IEM exit tender: a known headwind, with a mitigation plan

Impax flags a near term hit from the Exit Tender at Impax Environmental Markets plc (IEM). The company expects this process will lead to the loss of most of the assets it currently manages in that investment trust. To soften the blow, Impax plans to offer investors a switch into an equivalent Impax UCITS fund run by the same team, aiming to retain a meaningful percentage of those assets.

In plain English: expect AUM linked to IEM to step down when that process concludes. Some of those assets may be recaptured if investors choose the like for like fund alternative, but the outcome depends on client choices.

Revenue guidance and costs: belt tightening in progress

Following recent net outflows and the IEM related uncertainty, Impax now expects revenue for the financial year to land between £109m and £113m. That sits with the lower average AUM through the period. Management says it is taking further steps to improve operating efficiency, but specifics are not disclosed.

For shareholders, the message is clear. With revenue under pressure, cost discipline matters. Any update on the scope and timing of efficiency actions will be worth watching.
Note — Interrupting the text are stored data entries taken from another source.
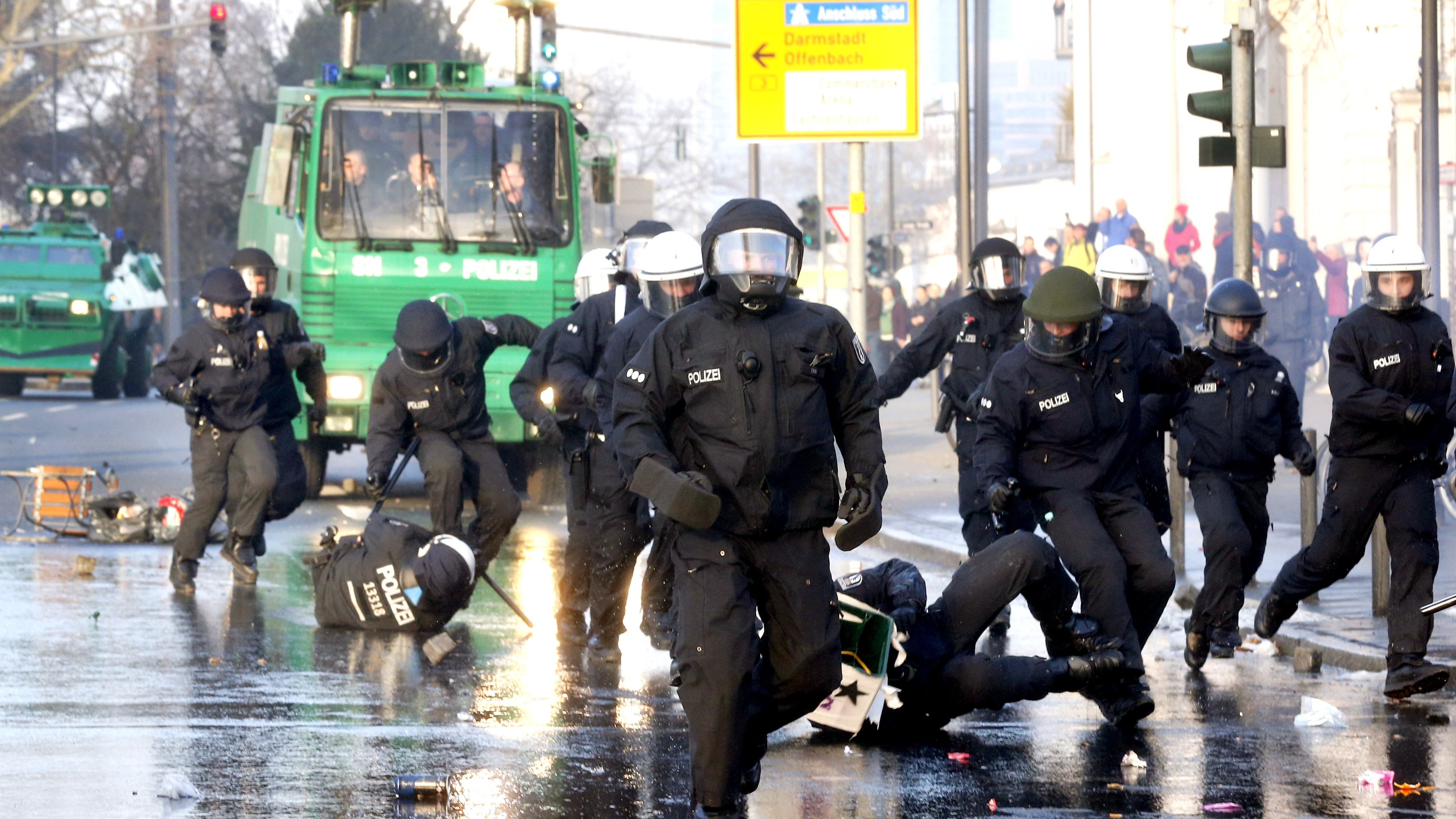 Frankfurtská polícia si na pomoc zavolala tisíce mužov zákona. Pripravili tiež desiatky vodných diel a vrtuľníky. Okolo budovy postavila polícia zátarasy a namontovala ostnantý drôt.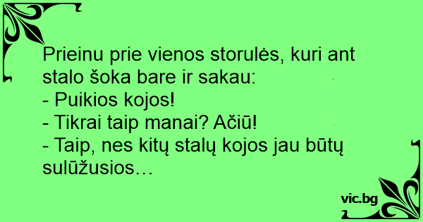 - Taip, nes kitų stalų kojos jau būtų sulūžusios…
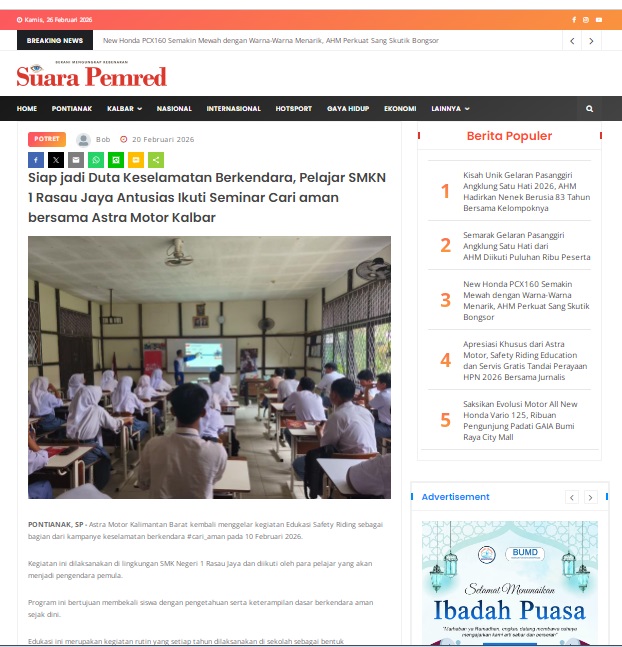 Siap jadi Duta Keselamatan Berkendara, Pelajar SMKN 1 Rasau Jaya Antusias Ikuti Seminar Cari aman bersama Astra Motor Kalbar by masmul 20 Februari 2026 in Silahkan kunjungi https://www.suarapemredkalbar.com/read/potret/20022026/siap-jadi-duta-keselamatan-berkendara-pelajar-smkn-1-rasau-jaya-antusias-ikuti-seminar-cari-aman-bersama-astra-motor-kalbar. You Might Like Regional Public Launching New ADV160 The SUV Pride Grand Launching New PCX 160 Truly Exceptional! Tetap hati-hati ya bro sist berkendara saat hujan.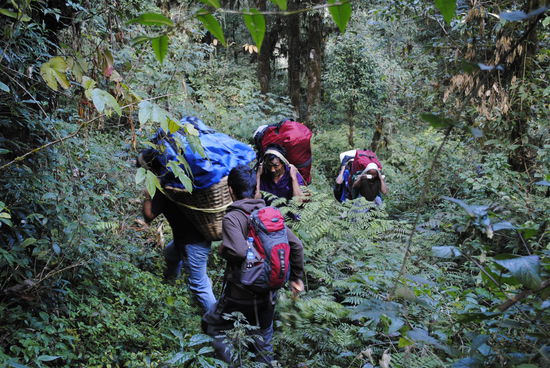 Wieder gehts früh morgens los. Ein 7 Std. Marsch steht bevor. Kurz darauf stehen wir mitten im Dschungel. Für uns ist kein Weg erkennbar. Drei Männer von unserer Crew gehen voran und schlagen mit ihren Macheten eine Schneise (Weg kann man dies nicht nennen). Wir werden auf die gefährlichen Pflanzen aufmerksam gemacht. Ebenso auf die Brennesseln, welche 2 Meter hoch werden können. Diese brennen ein viefaches mehr als unsere zu Hause (ich spreche gerade aus Erfahrung).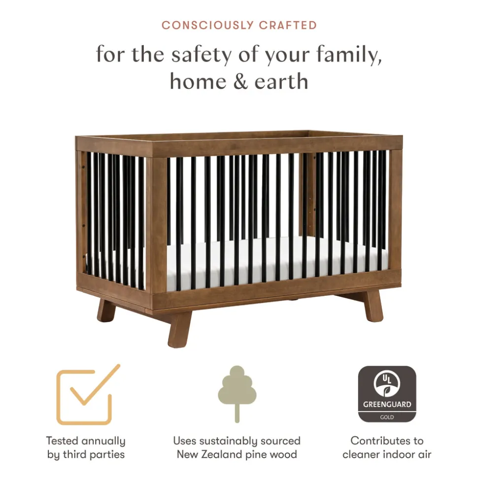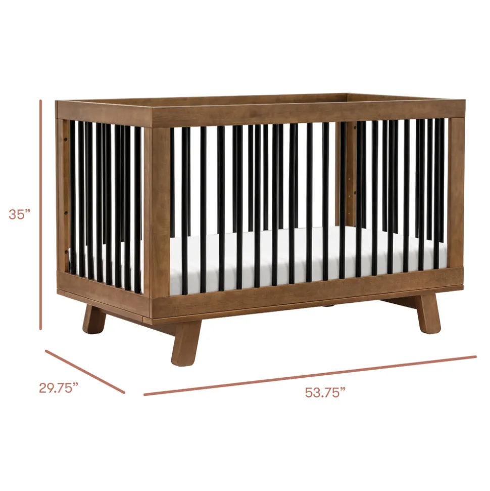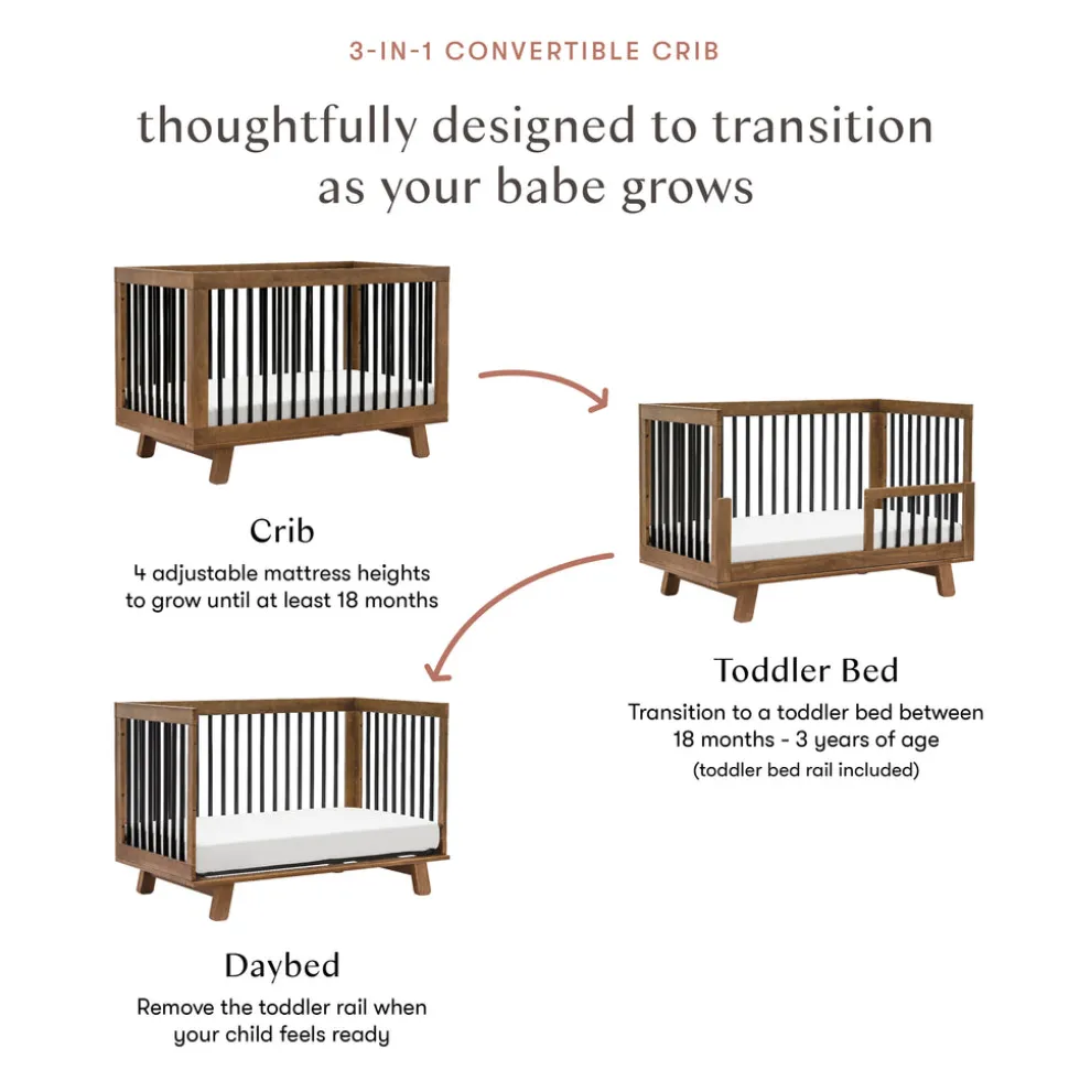 Designed in Los Angeles, babyletto creates stylish, modern nursery furniture with a focus on safety, sustainability, and intuitive design. For over a decade, the brand has empowered parents to craft spaces that reflect their values and individuality. The Hudson 3-in-1 Convertible Crib with Toddler Bed Conversion Kit in Natural Walnut/Black is a babyletto icon, beloved for its clean, modern aesthetic and flexible design. With rounded spindles, a solid frame, and flared feet, this crib converts to a toddler bed and daybed with the included conversion kit—growing stylishly with your child.

Why this matters for investors in Impax

  • AUM is the revenue engine: The quarter shows how sensitive fee income is to flows. Net outflows of £2.0bn overwhelmed a small performance gain. Until flows stabilise, revenue growth is constrained.
  • Early signs of performance repair: With 63.4% of AUM outperforming, the investment backdrop is improving for Impax’s style. If that persists, it can help flows with a lag as one year plus numbers get better.
  • Channel mix is shifting: Wholesale outflows are easing, which is encouraging for future breadth of distribution. Institutional redemptions remain the swing factor for near term AUM.
  • Known event risk in IEM: The Exit Tender is likely to reduce AUM in the near term. The UCITS switch plan could retain some assets, but quantum not disclosed.
  • Long term thesis intact: Management highlights strengthening fundamentals across renewable energy and energy efficiency – themes central to Impax’s strategies.
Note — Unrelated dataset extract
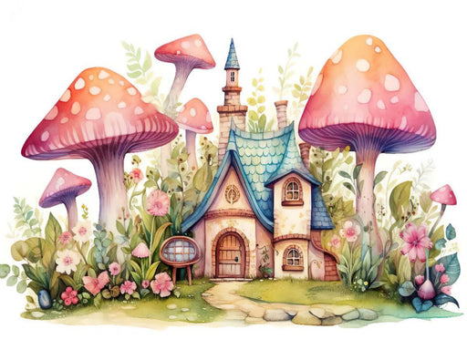 Tauchen Sie ein in die magische Welt der Feen mit unserer bezaubernden Aquarellzeichnung eines lustigen kleinen Feenhauses! Dieses farbenfrohe Ku...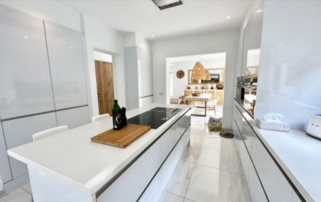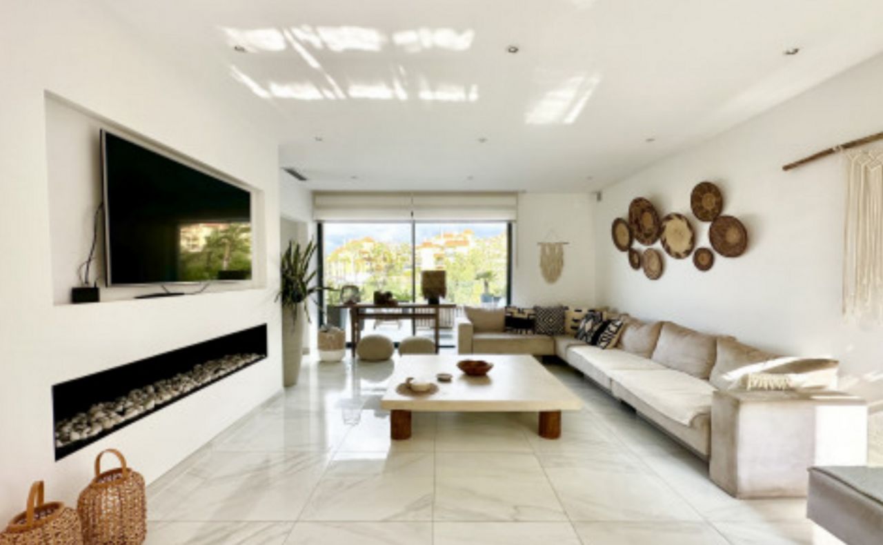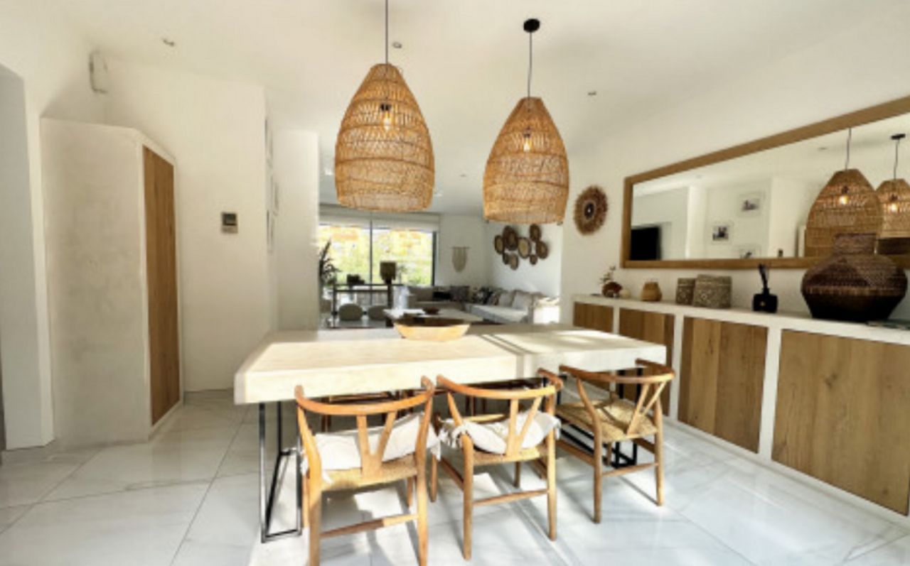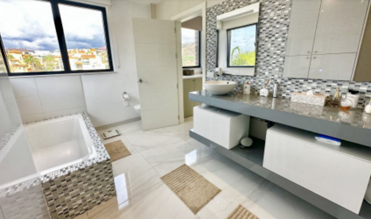 Tento luxusní moderní dům je skvěle zařízený podle nejvyšších standardů a vyznačuje se stylovým současným designem. Vila se nachází v Riviera del Sol, Mijas, nabízí bezkonkurenční pohodlí díky své poloze v blízkosti různých obchodů a pouhých 20 minut od letiště Malaga. Vila je díky své západní expozici zalita přirozeným světlem a prosvětluje každý kout jejích luxusních interiérů. Prostorný obývací pokoj a jídelna, zdobený útulným krbem, plynule přechází na terasu a nabízí úchvatný výhled na okolní krajinu. Moderní kuchyně je plně vybavena špičkovými spotřebiči, které uspokojí kulinářské potřeby i toho nejnáročnějšího šéfkuchaře. Vila má pět prostorných dvoulůžkových pokojů, každý s vlastní luxusní koupelnou. Na ty, kteří jsou zvyklí na zdraví a kondici, čeká speciálně vybavená posilovna, která poskytuje dokonalý prostor pro omlazení mysli i těla. Parkování je snadné díky velké garáži pro tři auta. K pohodlí přispívá výtah, který umožňuje snadný přístup do všech úrovní tohoto nádherného domu. Bezpečnost je prvořadá a vila je vybavena pokročilými alarmy a kamerovými bezpečnostními systémy, které poskytují klid jejím náročným obyvatelům. Tato luxusní současná vila skvěle kombinuje eleganci, komfort a pohodlí.

Positives and negatives at a glance

Positives

  • 63.4% of AUM outperformed during the quarter, a notable improvement following a challenging period for thematic strategies.
  • Wholesale channel shows an improving trend via the largest distribution partner, with lower net outflows.
  • Private markets saw small net inflows and positive performance.

Negatives

  • Total AUM down 8.0% quarter on quarter to £22.3bn, driven by £2.0bn of net outflows.
  • Revenue guidance trimmed to £109m – £113m, reflecting lower average AUM and external uncertainties.
  • IEM Exit Tender expected to remove most of the assets Impax manages for that trust.

What to watch next quarter

  • Net flow trend by channel: Do wholesale flows turn positive and do institutional redemptions slow.
  • IEM outcome: How many assets are lost, and how much is retained via the UCITS switch.
  • Performance persistence: Does the proportion of AUM outperforming stay above 50% and start to feed into one year plus numbers.
  • Cost efficiency detail: Timing and magnitude of the operating efficiency steps referenced by management.
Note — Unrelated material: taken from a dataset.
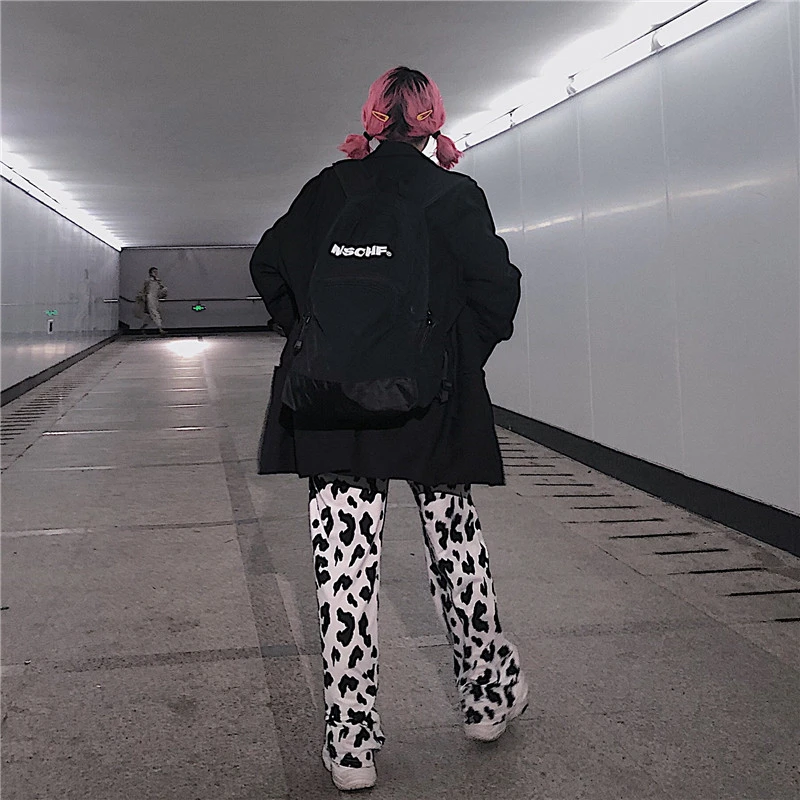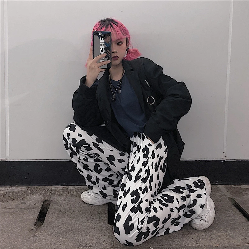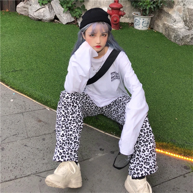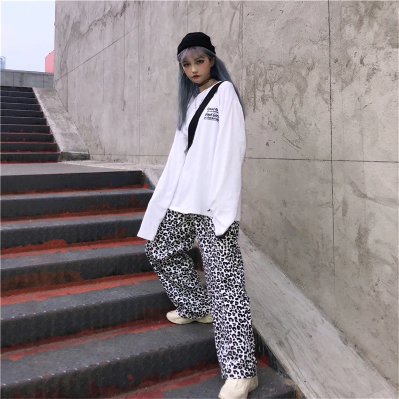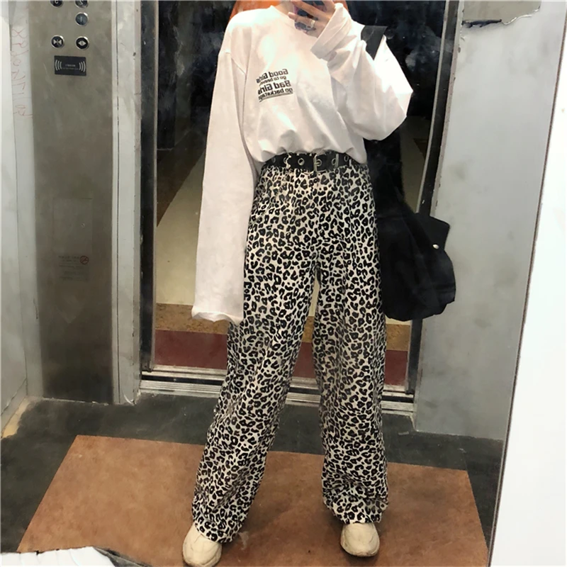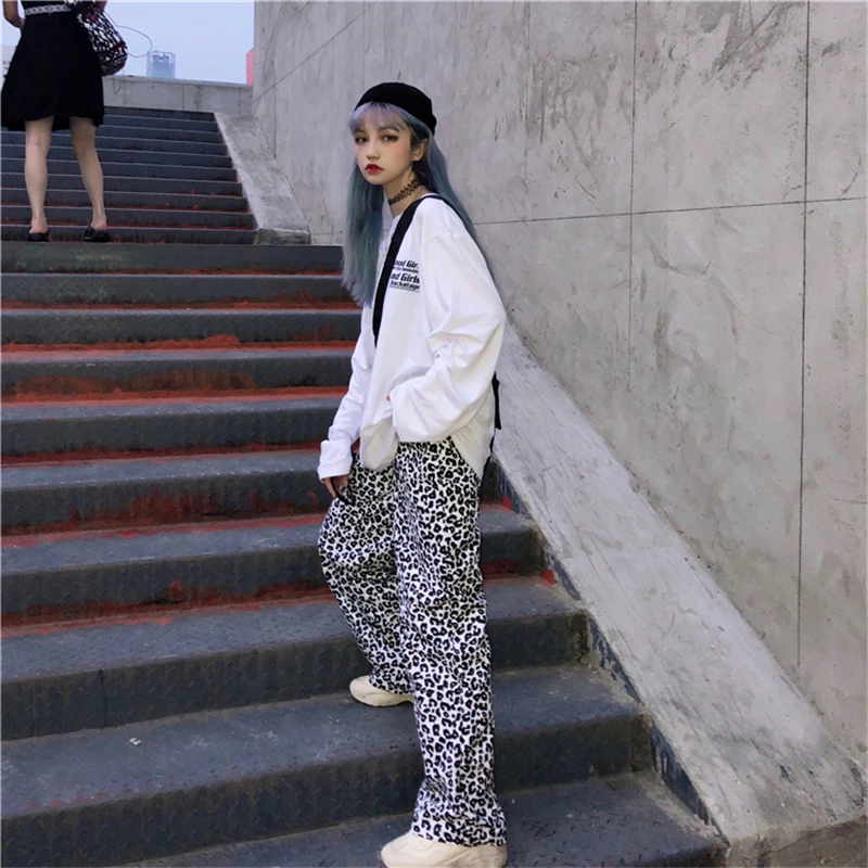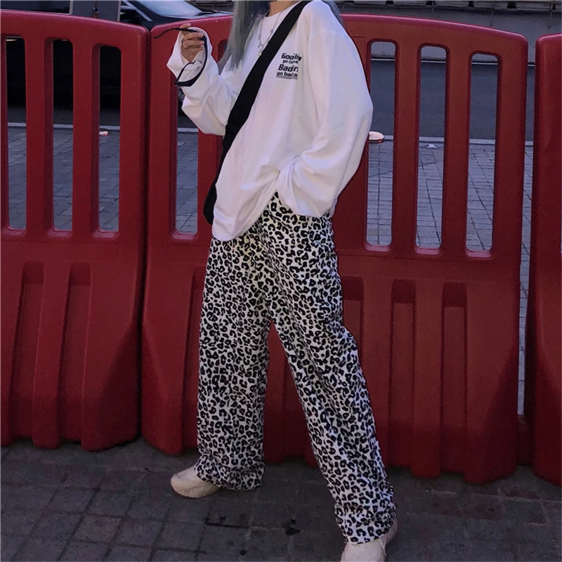 Винтажные леопардовые брюки, модные прямые брюки большого размера в Корейском стиле, Ulzzang, Harajuku, хип-хоп, Свободные повседневные женские брюки с широкими штанинами

My take: short term headwinds, improving setup if performance holds

This update is a mix of pressure today and potential relief tomorrow. The headline is unavoidably soft – AUM down 8.0%, significant net outflows, revenue guidance narrowed lower, and a known IEM headwind to come. That will keep the near term narrative cautious.

But the underlying setup is improving. A majority of AUM outperformed despite choppy markets, wholesale distribution is stabilising, and the strategy backdrop in renewables and efficiency remains supportive. If the performance trend sticks, flows tend to follow – with a lag. In the meantime, watch how much of the IEM AUM Impax can retain and whether cost actions protect profitability while the recovery in flows beds in.

Disclaimer: This Blog is provided for general information about investments. It does not constitute investment advice. Information is taken from publicly available sources and any comment is that of the author who does not take any third party comment in the publication.